Непримиримые 2 — страница 191 из 208

— Вот именно, — всхлипывает Ксения, утыкается лицом в ладони, — а я, — слезы душат, — я… Сук***. Испорченная, избалованная эгоистичная сук***. Веду себя неправильно. Колеблюсь, метаюсь… Понимаю, что неправа…

— Ксю, заканчивай самолюбование и подумай о том, что у тебя есть парень, который знает тебя, как облупленную и все равно любит.

— Я… — вновь слезы. Терпеливо жду, когда бурность ослабнет. — Я… знаешь, что собиралась сделать?

— Что? — без особого интереса, но слегка настораживаясь.

Пауза, несколько всхлипов, темные глаза на меня:

— Аборт, Ир…

— Что? — вылетает рвано.

— Я… беременна. Когда узнала, так испугалась. Растерялась… Какая из меня мать? Я же… тварь самовлюбленная, — тараторит, и это явно защитная реакция — оправдание, потому что Бравину разрывает от переизбытка чувств. — Ребенок, он ведь внимание требовать будет, любовь и ласку, а я… что я ему могу дать? Только научить, как тратить деньги…
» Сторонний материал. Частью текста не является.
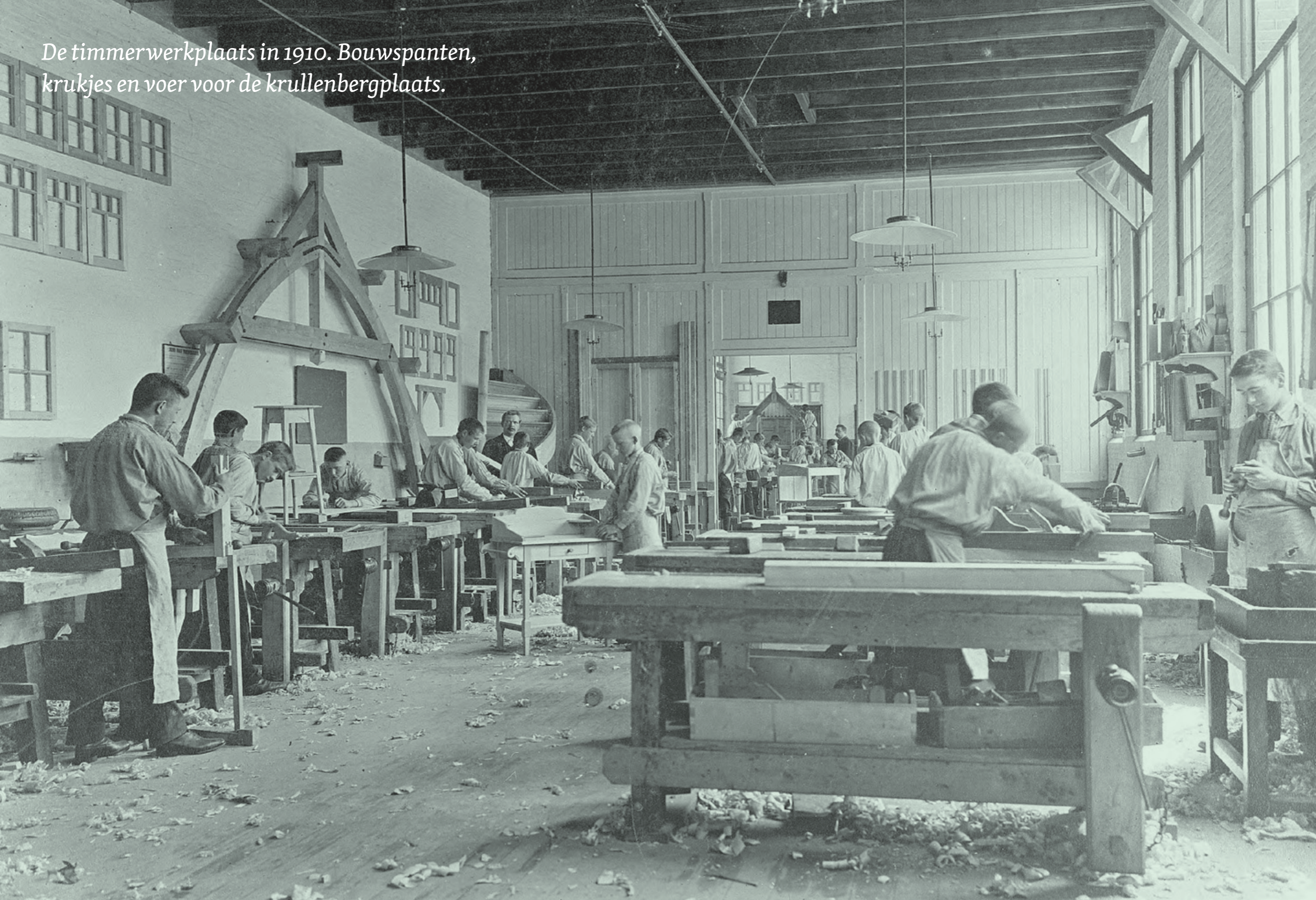
De timmerwerkplaats in 1910. Bouwspanten, krukjes en voer voor de krullenbergplaats.

— Ксю, — запинаюсь на мысли, — скажи, что ты не сглупила…

— Я в кафе сидела и думала. Ждала времени, которое было назначено. А когда время пришло, поняла, что не могу. Я ведь… тоже люблю его. Но что, если он узнает про ребенка и… Боюсь, как отреагирует и на чем настоит.

— Ты будешь лучшей матерью на свете, — хриплый голос Антона, как гром среди ясного неба, шелестом наполняет палату. Я шокированно оборачиваюсь к очнувшемуся Яровичу, а Ксю бросается к койке.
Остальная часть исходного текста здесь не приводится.